§ **REQUIRED WORK**:
Below are entries. Copy exactly the lines running from the line that holds "Cohesion represented as" to the line that holds "Pearl Charm Rhodium-Plated", with both ends included.

§ **DATASET EXTRACT**:
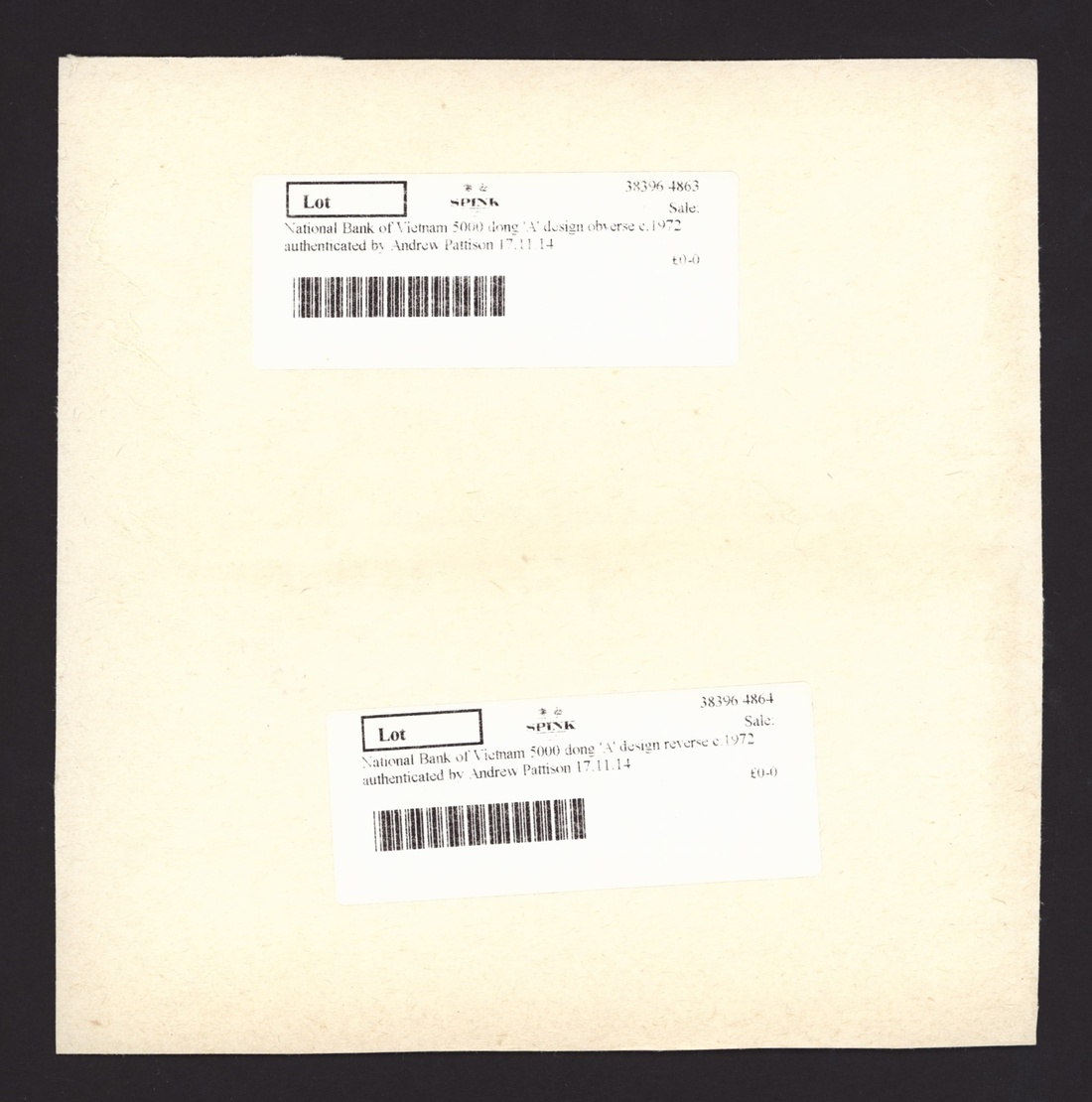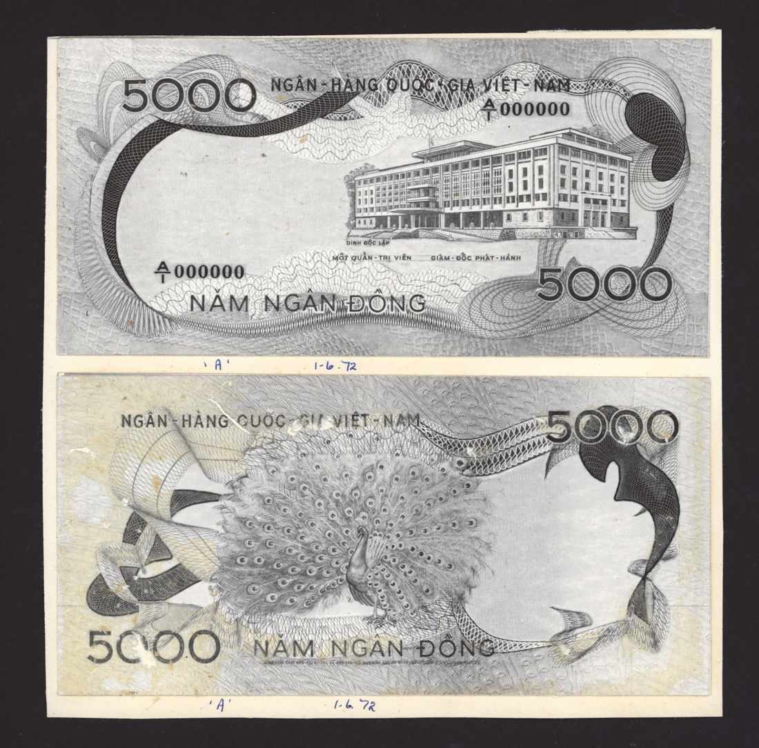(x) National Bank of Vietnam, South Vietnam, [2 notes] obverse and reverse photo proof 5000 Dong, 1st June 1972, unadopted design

---

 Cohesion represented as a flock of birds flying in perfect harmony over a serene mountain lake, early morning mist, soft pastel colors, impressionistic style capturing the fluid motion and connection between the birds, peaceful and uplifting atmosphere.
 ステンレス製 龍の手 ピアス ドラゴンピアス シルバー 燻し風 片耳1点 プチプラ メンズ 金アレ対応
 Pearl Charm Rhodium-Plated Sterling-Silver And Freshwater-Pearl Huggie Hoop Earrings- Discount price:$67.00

§ **EXERCISE RESULT**:
 Cohesion represented as a flock of birds flying in perfect harmony over a serene mountain lake, early morning mist, soft pastel colors, impressionistic style capturing the fluid motion and connection between the birds, peaceful and uplifting atmosphere.
 ステンレス製 龍の手 ピアス ドラゴンピアス シルバー 燻し風 片耳1点 プチプラ メンズ 金アレ対応
 Pearl Charm Rhodium-Plated Sterling-Silver And Freshwater-Pearl Huggie Hoop Earrings- Discount price:$67.00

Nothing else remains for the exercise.